#### Data provided ####
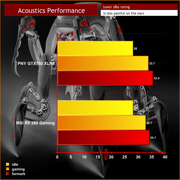 We measure from a distance of around 1 meter from the closed chassis and 4 foot from the ground to mirror a real world situation. Ambient noise in the room measures close to the limits of our sound meter at 28dBa. It isn’t a real world situation to be measuring with a case panel off only a few centimeters away from a video card. Our noise figures may therefore be lower than other publications who record at closer distances, or without a fully closed case muting the noise.
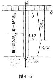 如图4-3所示桩,其中0.5l0长穿过软弱土层,0.5l0长在粉土层中,之后桩端进入卵砾石层,桩顶受竖向荷重Q后,因大面积地面填土,使桩身轴力变化,通过桩...
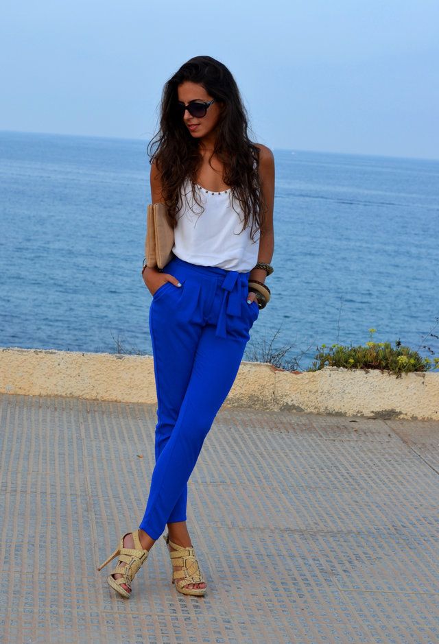 Colored pants are not often seen in the office, as they look better at informal events. When selecting the top, the main color of the bottom should be considered. For example, pants in cold colors look great with a blue blouse or tank top, or aqua.
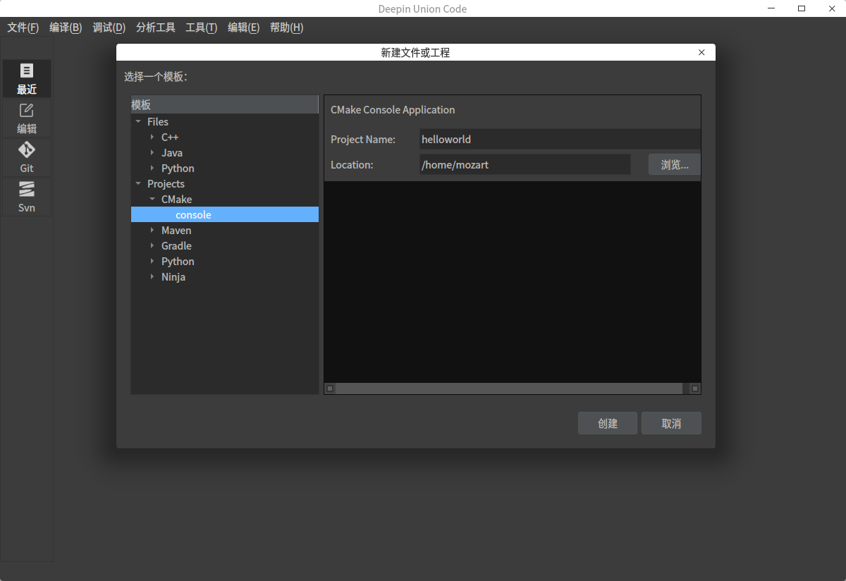 启动 deepin-unioncode,点击“文件”>"新建文件或工程">"弹出模板创建页面":
####
Activity:
Transcribe each line of the material above verbatim, but do not include the images.

Answer area:
 We measure from a distance of around 1 meter from the closed chassis and 4 foot from the ground to mirror a real world situation. Ambient noise in the room measures close to the limits of our sound meter at 28dBa. It isn’t a real world situation to be measuring with a case panel off only a few centimeters away from a video card. Our noise figures may therefore be lower than other publications who record at closer distances, or without a fully closed case muting the noise.
 如图4-3所示桩,其中0.5l0长穿过软弱土层,0.5l0长在粉土层中,之后桩端进入卵砾石层,桩顶受竖向荷重Q后,因大面积地面填土,使桩身轴力变化,通过桩...
 Colored pants are not often seen in the office, as they look better at informal events. When selecting the top, the main color of the bottom should be considered. For example, pants in cold colors look great with a blue blouse or tank top, or aqua.
 启动 deepin-unioncode,点击“文件”>"新建文件或工程">"弹出模板创建页面":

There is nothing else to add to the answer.